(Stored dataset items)
---+---

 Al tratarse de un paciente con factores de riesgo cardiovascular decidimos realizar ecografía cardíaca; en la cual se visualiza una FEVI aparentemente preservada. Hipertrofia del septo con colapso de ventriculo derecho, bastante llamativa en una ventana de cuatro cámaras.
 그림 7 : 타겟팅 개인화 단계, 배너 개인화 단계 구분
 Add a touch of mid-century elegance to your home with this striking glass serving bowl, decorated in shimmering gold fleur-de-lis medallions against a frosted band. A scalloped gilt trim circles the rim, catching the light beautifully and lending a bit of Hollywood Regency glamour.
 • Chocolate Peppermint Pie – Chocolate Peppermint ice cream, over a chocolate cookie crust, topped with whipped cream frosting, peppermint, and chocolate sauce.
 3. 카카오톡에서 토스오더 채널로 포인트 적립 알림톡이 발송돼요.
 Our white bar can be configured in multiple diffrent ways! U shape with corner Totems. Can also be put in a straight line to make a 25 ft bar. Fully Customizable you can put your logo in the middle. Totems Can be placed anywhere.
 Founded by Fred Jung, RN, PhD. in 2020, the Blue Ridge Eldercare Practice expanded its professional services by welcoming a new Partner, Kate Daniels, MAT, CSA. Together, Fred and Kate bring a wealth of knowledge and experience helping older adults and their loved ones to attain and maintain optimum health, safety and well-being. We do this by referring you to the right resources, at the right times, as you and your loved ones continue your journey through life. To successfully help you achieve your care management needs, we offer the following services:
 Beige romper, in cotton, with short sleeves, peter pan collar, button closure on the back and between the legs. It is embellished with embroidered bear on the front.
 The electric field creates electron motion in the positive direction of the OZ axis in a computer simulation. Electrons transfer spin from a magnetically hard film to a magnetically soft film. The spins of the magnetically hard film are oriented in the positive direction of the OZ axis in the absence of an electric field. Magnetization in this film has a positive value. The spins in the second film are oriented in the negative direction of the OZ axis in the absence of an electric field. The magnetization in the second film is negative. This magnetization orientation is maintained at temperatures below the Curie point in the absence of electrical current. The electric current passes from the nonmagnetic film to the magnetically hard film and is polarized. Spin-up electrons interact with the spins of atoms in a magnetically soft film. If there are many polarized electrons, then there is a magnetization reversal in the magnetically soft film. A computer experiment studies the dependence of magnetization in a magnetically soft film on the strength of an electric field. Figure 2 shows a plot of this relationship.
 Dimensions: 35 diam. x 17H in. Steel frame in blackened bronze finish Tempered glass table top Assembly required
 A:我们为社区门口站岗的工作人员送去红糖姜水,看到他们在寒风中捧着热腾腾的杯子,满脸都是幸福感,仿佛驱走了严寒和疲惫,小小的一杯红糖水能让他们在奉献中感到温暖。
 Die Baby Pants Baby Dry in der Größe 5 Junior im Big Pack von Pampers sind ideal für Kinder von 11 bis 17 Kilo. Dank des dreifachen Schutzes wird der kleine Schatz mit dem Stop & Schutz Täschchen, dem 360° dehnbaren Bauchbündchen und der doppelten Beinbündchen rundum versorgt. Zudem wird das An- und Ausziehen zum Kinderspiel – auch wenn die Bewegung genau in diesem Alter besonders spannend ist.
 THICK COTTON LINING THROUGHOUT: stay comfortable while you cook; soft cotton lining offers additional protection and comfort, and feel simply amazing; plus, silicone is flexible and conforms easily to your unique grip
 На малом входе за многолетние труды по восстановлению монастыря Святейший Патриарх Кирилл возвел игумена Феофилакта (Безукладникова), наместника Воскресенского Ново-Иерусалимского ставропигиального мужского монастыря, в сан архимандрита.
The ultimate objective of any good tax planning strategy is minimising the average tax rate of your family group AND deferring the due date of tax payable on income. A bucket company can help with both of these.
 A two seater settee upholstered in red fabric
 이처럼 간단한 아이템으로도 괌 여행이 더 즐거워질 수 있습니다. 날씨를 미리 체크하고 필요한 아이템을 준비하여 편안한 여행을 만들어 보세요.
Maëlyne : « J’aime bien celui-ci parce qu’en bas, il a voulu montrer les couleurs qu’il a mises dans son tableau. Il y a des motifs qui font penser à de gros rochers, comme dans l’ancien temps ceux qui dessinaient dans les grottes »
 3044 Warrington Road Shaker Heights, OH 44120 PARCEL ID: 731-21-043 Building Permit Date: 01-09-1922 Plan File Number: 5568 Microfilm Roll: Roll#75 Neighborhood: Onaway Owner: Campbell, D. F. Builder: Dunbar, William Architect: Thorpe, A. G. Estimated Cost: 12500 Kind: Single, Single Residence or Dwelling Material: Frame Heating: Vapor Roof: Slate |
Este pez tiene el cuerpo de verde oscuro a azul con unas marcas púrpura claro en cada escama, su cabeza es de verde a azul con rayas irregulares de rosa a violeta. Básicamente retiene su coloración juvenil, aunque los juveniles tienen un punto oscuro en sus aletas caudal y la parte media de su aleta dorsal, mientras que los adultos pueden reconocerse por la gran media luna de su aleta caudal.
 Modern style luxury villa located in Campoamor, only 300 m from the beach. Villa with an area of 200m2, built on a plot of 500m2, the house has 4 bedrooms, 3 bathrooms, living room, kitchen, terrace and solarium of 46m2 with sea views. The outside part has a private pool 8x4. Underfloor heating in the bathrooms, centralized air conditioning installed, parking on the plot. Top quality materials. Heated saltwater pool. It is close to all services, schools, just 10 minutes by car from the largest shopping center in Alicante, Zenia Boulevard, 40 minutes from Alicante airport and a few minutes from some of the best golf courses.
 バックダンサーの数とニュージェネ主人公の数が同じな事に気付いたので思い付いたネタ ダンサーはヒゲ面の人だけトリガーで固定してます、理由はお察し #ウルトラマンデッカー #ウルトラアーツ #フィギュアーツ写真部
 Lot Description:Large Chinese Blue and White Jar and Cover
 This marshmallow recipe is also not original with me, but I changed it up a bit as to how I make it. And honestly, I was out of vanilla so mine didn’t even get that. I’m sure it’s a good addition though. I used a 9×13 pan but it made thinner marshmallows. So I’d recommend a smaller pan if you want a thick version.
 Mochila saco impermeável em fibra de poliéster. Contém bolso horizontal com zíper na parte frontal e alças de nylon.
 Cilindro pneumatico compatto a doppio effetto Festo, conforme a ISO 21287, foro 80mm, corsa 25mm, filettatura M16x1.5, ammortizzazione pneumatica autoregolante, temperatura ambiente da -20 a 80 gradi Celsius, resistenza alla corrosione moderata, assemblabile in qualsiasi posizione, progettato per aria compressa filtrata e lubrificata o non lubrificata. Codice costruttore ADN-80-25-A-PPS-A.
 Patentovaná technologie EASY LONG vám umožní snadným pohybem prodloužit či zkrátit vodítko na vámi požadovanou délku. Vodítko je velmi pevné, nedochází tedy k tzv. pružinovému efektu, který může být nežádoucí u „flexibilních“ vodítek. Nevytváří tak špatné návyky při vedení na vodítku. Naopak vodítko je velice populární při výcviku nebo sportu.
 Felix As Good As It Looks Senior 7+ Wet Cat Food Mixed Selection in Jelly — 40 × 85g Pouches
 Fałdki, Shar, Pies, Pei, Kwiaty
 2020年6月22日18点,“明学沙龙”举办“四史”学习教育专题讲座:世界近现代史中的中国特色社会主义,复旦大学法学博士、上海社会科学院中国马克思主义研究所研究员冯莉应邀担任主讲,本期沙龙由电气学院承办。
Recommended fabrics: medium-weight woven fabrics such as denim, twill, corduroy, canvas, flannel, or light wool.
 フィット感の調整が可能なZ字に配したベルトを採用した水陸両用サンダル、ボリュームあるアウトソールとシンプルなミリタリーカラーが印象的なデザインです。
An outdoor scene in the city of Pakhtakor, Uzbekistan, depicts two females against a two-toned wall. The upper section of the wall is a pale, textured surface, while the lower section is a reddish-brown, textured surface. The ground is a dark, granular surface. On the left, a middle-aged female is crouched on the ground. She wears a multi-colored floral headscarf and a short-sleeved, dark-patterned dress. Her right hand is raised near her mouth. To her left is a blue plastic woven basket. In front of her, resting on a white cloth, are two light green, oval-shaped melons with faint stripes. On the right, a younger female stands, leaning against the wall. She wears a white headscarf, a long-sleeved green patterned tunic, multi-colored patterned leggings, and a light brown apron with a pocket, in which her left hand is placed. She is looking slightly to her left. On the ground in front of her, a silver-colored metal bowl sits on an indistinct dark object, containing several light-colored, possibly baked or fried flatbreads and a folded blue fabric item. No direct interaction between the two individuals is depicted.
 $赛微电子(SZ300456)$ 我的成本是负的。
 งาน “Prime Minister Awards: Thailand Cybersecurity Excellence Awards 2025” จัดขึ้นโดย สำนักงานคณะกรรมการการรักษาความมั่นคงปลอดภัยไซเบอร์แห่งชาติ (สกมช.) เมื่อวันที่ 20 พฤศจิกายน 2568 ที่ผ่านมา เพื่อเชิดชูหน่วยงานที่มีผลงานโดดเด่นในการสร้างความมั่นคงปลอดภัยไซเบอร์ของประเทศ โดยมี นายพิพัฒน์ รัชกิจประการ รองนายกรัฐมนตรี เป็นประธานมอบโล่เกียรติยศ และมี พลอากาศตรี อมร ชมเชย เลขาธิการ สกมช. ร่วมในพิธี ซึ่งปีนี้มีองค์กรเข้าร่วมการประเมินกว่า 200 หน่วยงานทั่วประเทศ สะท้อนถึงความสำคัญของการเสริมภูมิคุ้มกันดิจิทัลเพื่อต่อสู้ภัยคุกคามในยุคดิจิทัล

---+---

Your answer must consist solely of the lines above between the line holding "A:我们为社区门口站岗的工作" and the line holding "На малом входе", inclusive, copied exactly.

 A:我们为社区门口站岗的工作人员送去红糖姜水,看到他们在寒风中捧着热腾腾的杯子,满脸都是幸福感,仿佛驱走了严寒和疲惫,小小的一杯红糖水能让他们在奉献中感到温暖。
 Die Baby Pants Baby Dry in der Größe 5 Junior im Big Pack von Pampers sind ideal für Kinder von 11 bis 17 Kilo. Dank des dreifachen Schutzes wird der kleine Schatz mit dem Stop & Schutz Täschchen, dem 360° dehnbaren Bauchbündchen und der doppelten Beinbündchen rundum versorgt. Zudem wird das An- und Ausziehen zum Kinderspiel – auch wenn die Bewegung genau in diesem Alter besonders spannend ist.
 THICK COTTON LINING THROUGHOUT: stay comfortable while you cook; soft cotton lining offers additional protection and comfort, and feel simply amazing; plus, silicone is flexible and conforms easily to your unique grip
 На малом входе за многолетние труды по восстановлению монастыря Святейший Патриарх Кирилл возвел игумена Феофилакта (Безукладникова), наместника Воскресенского Ново-Иерусалимского ставропигиального мужского монастыря, в сан архимандрита.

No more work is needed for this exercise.